I don't understand why you would discourage someone from making the water safe for their livestock during an ammonia spike, even a mild one. 

Why?  A couple of very good reasons...

First, and foremost, the true level of toxicity he is measuring is most likely far less than "0.25".  This measurement is 0.25 TOTAL ammonia, not the toxic level.  

To measure the "toxic" level of ammonia (free ammonia) some calculations need to me made, it is dependent on three factors - total ammonia, temperature and pH.

For a thorough explanation of this process, see this post...

https://forum.aquariumcoop.com/topic/13203-understanding-ammonia-toxicity/

On 7/2/2021 at 9:48 AM, Daniel said:

I would leave it alone because in the long run it is better to let the bacterial communities sort it out.
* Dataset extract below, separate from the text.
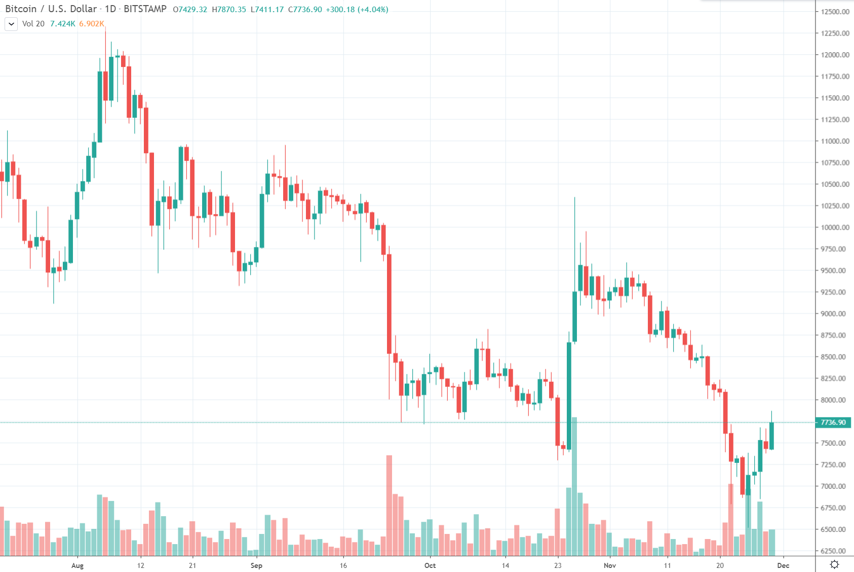 Bitcoin tento týždeň po pondelkovom flash crashi pokračuje v korekcii negatívneho pohybu z minulého týždňa. Najprv prerazil rezistenciu na hladine 7400 $ a aktuálne sa už traduje za 7750 $. Býci pomaly posúvajú cenu hore a dá sa povedať, že tento pohyb je viac menej organický.

Secondly, is for the exact reason that @Daniel is alluding to above.  Ammonia altering chemistry, such as Prime for example, do not eliminate (or reduce) said ammonia, they just change its form temporarily (which will be released as ammonia again in a short period of time).  This change in form is renders it unavailable to the beneficial bacteria that needs it as an energy source to survive.  If you take this away, you interrupt the normal functionality of the nitrogen cycle to some degree.  In other words, you risk stalling the cycle, and when the ammonia is released again, it will take longer to function as nature has designed and intended.

My strong recommendation is to resist the use of ammonia locking agents unless you are trying to buy a day or so to rectify "truly" toxic ammonia (free ammonia, not total) through another means, such as water change.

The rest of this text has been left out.